*TASK DIRECTIONS*: Starting at the first line of the entries, extract each line up to and including the one that contains "Walzenförmig, auf rundem", but leave out the pictures.

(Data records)

══════

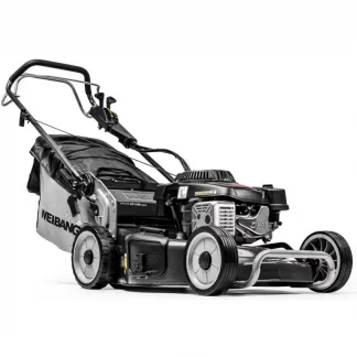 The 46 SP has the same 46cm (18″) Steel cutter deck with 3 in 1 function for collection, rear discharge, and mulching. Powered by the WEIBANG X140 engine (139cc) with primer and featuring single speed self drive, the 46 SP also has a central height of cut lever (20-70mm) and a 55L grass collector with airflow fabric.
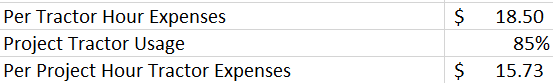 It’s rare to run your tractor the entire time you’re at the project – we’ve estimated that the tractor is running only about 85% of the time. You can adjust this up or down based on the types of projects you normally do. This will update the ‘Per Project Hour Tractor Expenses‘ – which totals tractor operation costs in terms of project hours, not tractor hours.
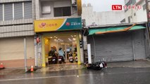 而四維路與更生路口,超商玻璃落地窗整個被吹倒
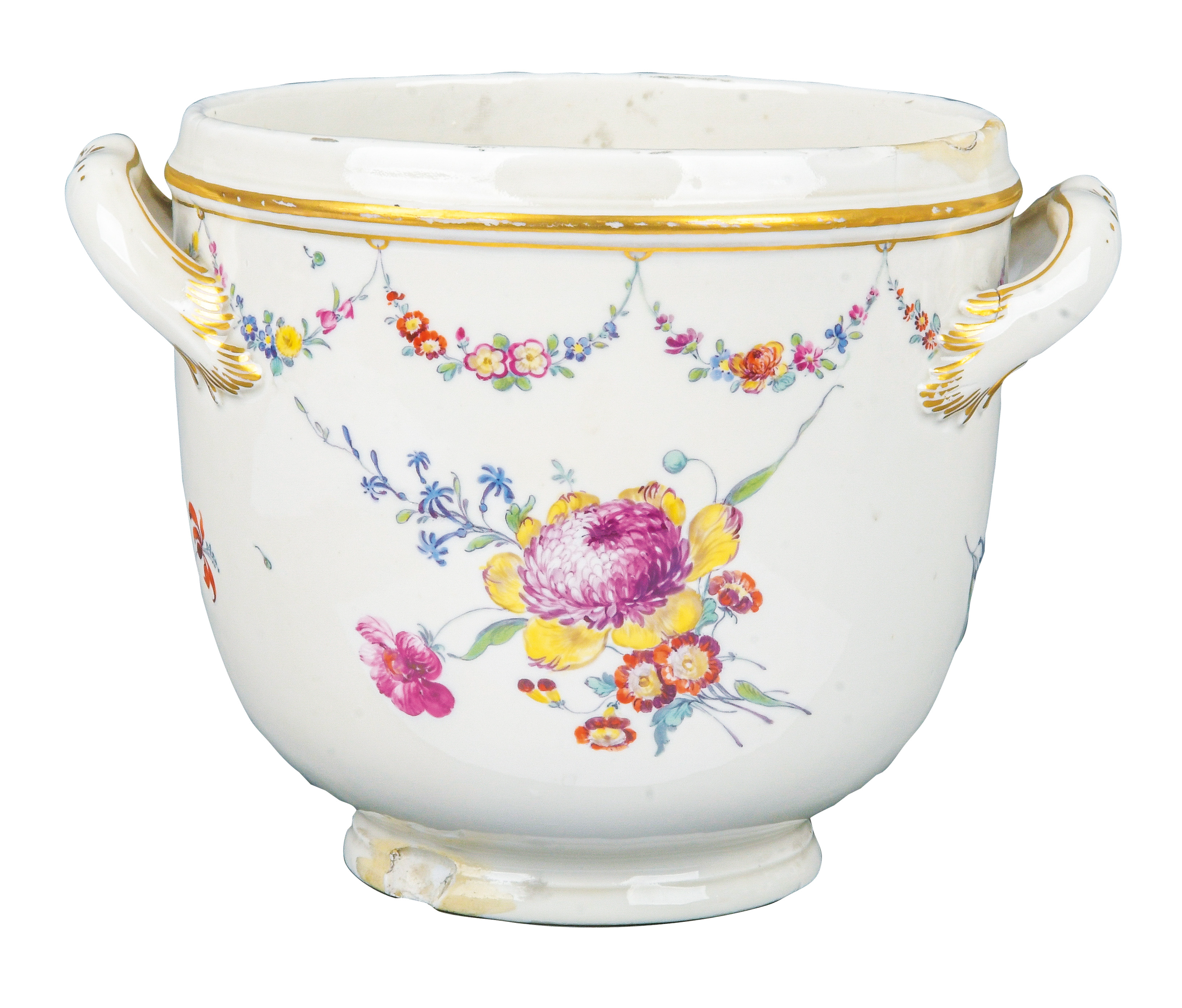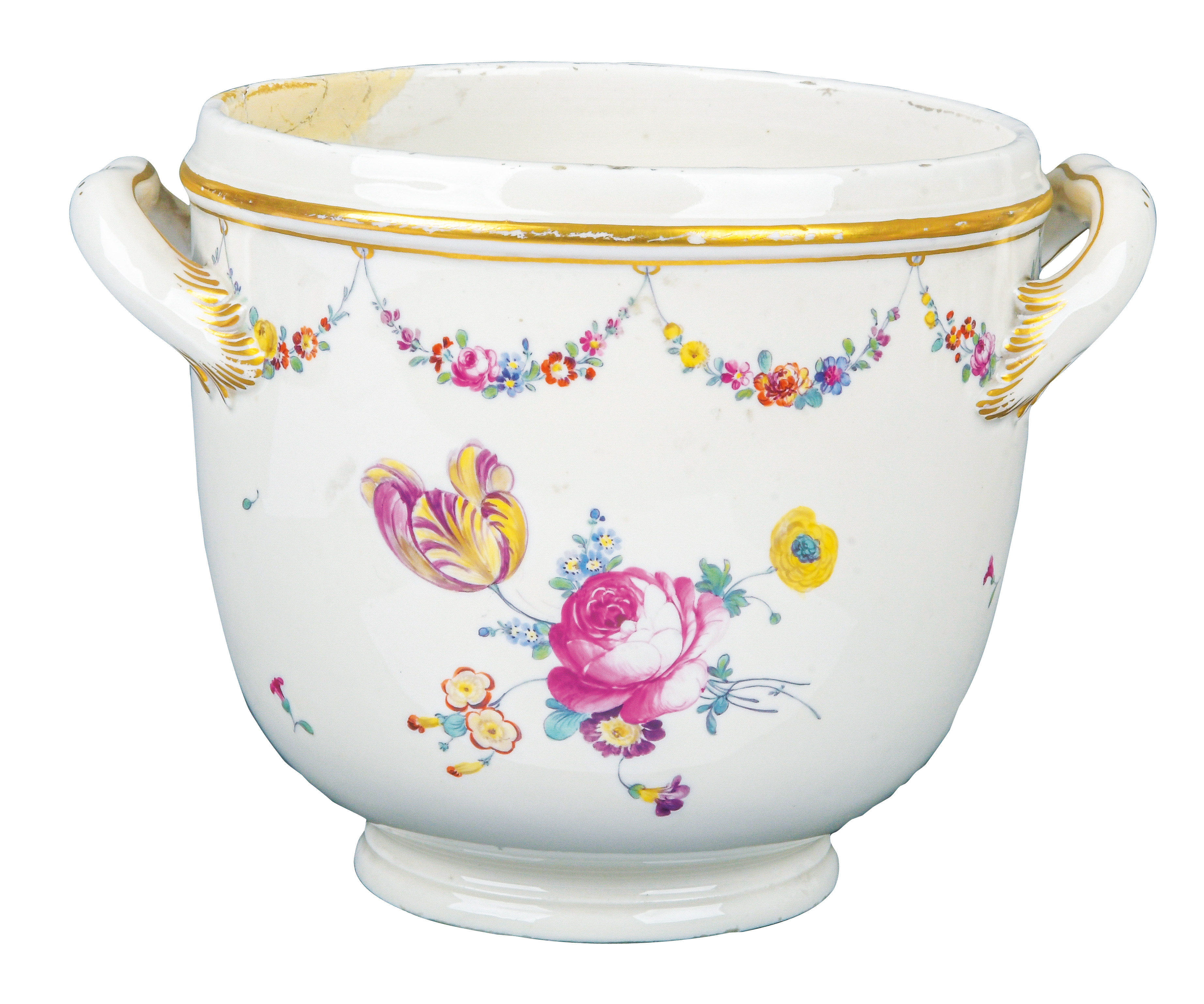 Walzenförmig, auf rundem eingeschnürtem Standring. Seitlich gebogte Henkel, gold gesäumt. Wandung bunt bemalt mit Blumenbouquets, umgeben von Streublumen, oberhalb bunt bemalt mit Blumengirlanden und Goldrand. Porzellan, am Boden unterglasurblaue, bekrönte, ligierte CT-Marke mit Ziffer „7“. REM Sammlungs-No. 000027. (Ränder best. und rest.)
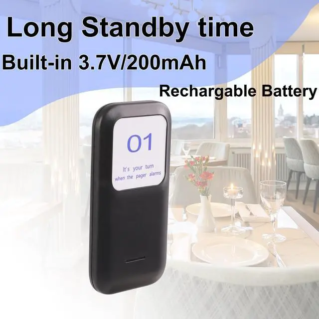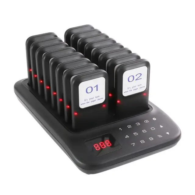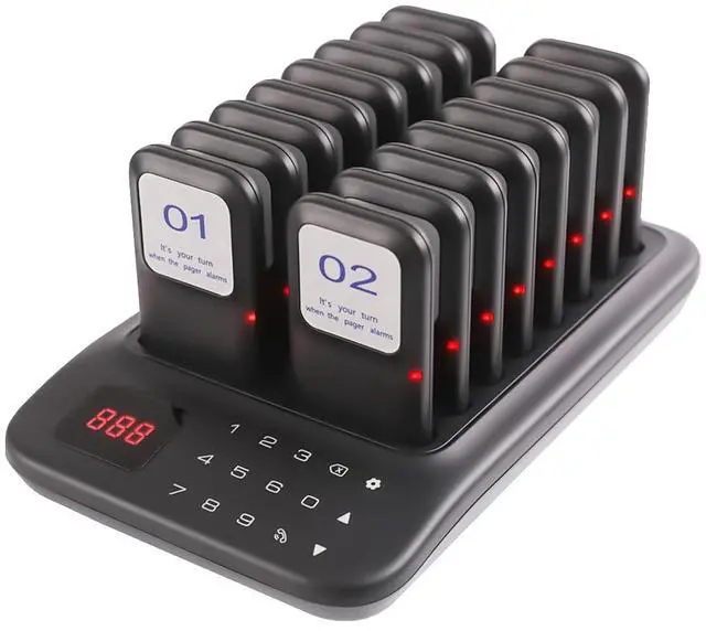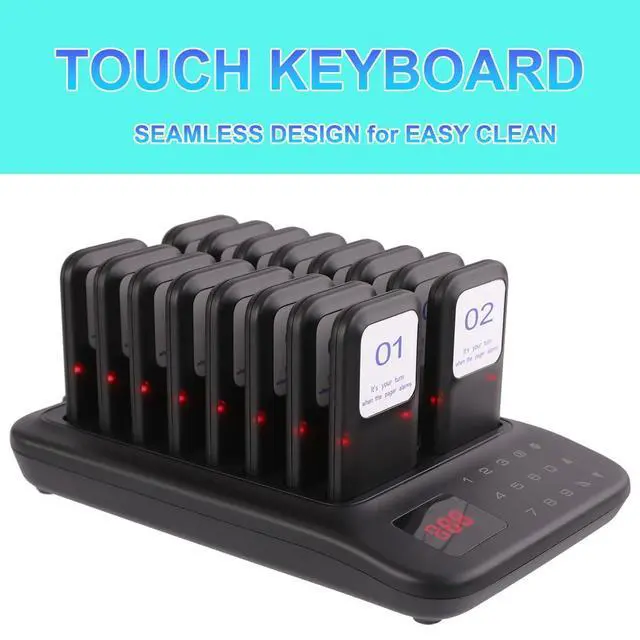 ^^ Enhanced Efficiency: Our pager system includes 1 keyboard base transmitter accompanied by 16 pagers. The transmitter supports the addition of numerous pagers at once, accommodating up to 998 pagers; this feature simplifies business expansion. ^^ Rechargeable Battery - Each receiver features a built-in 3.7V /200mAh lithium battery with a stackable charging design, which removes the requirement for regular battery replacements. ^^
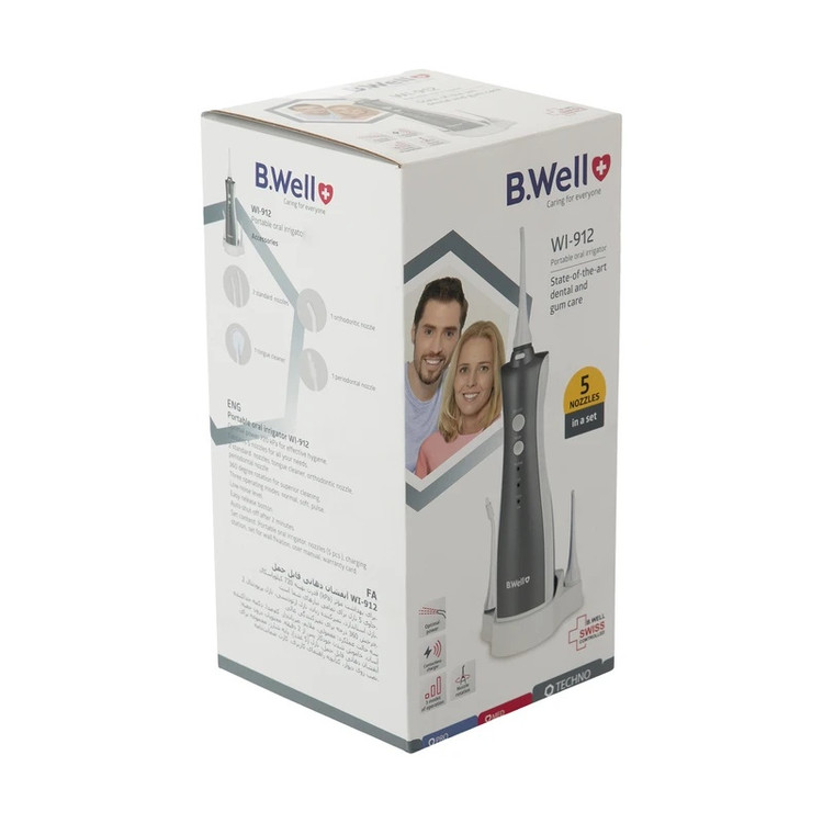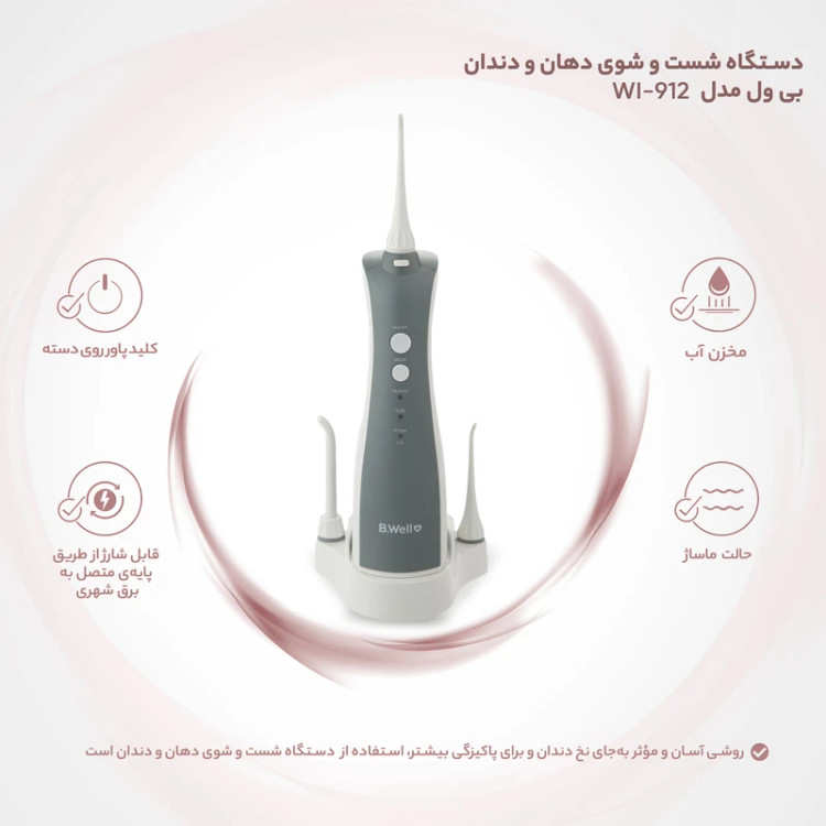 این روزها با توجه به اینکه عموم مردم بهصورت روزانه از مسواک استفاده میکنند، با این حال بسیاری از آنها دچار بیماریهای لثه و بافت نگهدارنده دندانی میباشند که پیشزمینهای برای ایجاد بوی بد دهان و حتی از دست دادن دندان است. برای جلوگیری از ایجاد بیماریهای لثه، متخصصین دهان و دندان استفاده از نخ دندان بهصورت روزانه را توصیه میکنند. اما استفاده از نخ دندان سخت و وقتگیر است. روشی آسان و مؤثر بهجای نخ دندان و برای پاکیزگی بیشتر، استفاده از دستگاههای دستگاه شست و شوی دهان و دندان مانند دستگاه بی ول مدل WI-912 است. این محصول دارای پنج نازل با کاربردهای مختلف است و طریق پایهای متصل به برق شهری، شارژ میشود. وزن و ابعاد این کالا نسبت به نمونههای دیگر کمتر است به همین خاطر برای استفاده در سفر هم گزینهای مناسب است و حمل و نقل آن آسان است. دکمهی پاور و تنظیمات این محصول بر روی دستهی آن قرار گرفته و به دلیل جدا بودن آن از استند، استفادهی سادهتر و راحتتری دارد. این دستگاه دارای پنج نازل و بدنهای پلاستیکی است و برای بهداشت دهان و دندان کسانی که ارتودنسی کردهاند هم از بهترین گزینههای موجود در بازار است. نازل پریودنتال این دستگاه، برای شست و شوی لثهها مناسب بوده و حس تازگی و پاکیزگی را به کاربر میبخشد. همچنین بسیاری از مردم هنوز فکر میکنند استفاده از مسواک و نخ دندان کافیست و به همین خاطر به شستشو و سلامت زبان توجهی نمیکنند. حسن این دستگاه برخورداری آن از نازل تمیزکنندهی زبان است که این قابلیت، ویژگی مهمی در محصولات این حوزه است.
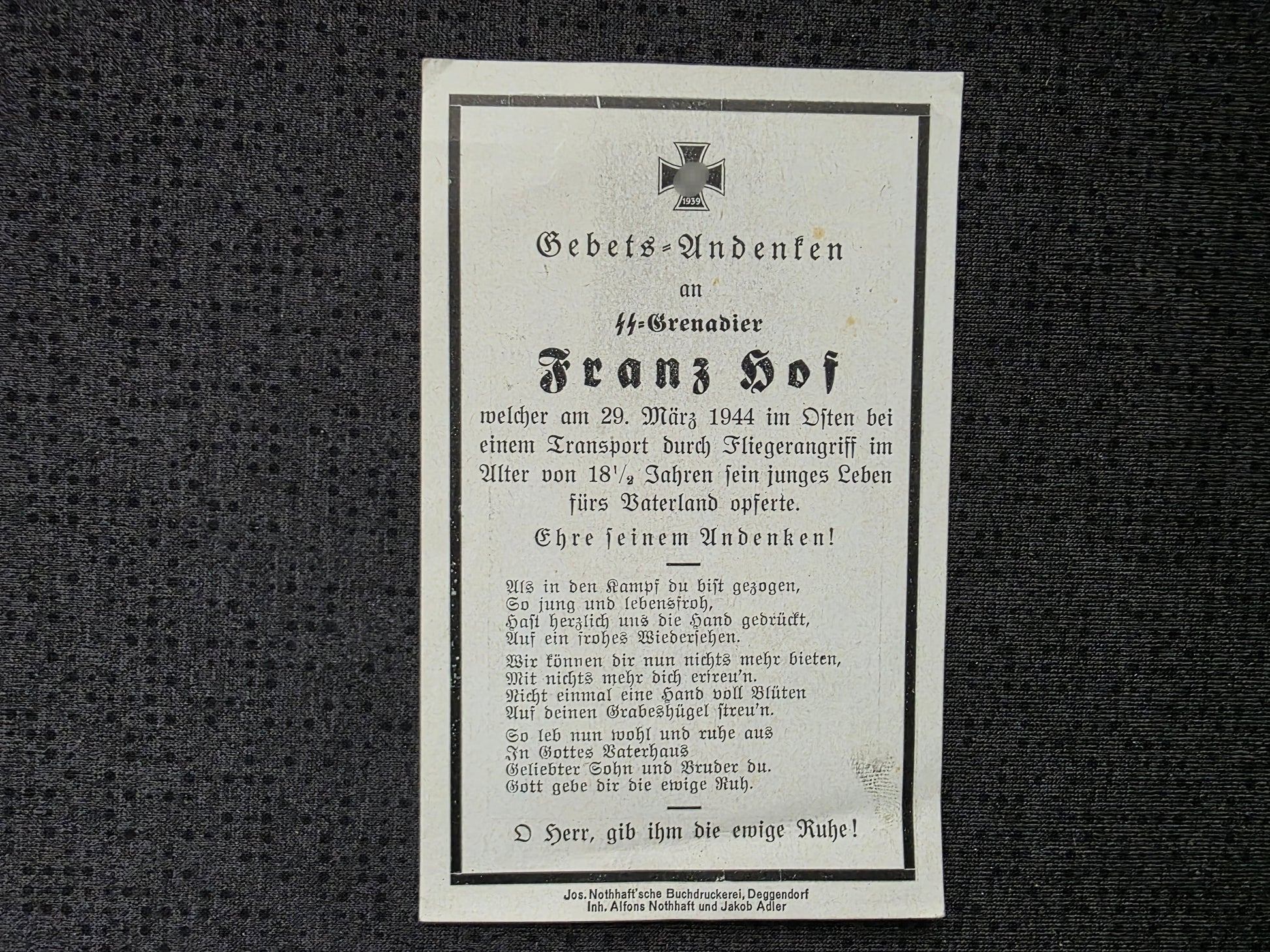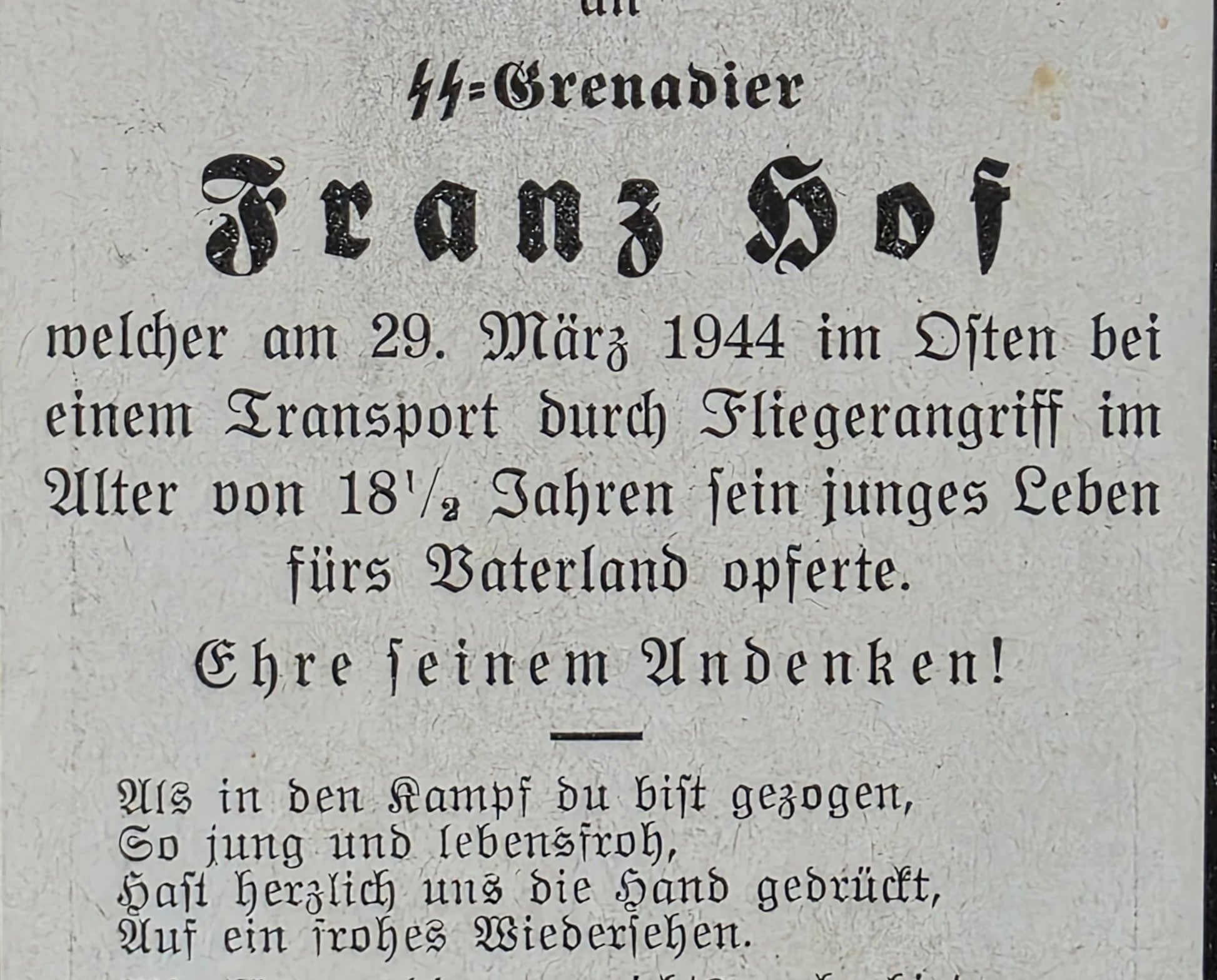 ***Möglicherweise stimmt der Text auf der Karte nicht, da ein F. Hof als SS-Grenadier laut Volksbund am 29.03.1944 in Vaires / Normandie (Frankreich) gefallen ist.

══════

*ANSWER BELOW*:
 The 46 SP has the same 46cm (18″) Steel cutter deck with 3 in 1 function for collection, rear discharge, and mulching. Powered by the WEIBANG X140 engine (139cc) with primer and featuring single speed self drive, the 46 SP also has a central height of cut lever (20-70mm) and a 55L grass collector with airflow fabric.
 It’s rare to run your tractor the entire time you’re at the project – we’ve estimated that the tractor is running only about 85% of the time. You can adjust this up or down based on the types of projects you normally do. This will update the ‘Per Project Hour Tractor Expenses‘ – which totals tractor operation costs in terms of project hours, not tractor hours.
 而四維路與更生路口,超商玻璃落地窗整個被吹倒
 Walzenförmig, auf rundem eingeschnürtem Standring. Seitlich gebogte Henkel, gold gesäumt. Wandung bunt bemalt mit Blumenbouquets, umgeben von Streublumen, oberhalb bunt bemalt mit Blumengirlanden und Goldrand. Porzellan, am Boden unterglasurblaue, bekrönte, ligierte CT-Marke mit Ziffer „7“. REM Sammlungs-No. 000027. (Ränder best. und rest.)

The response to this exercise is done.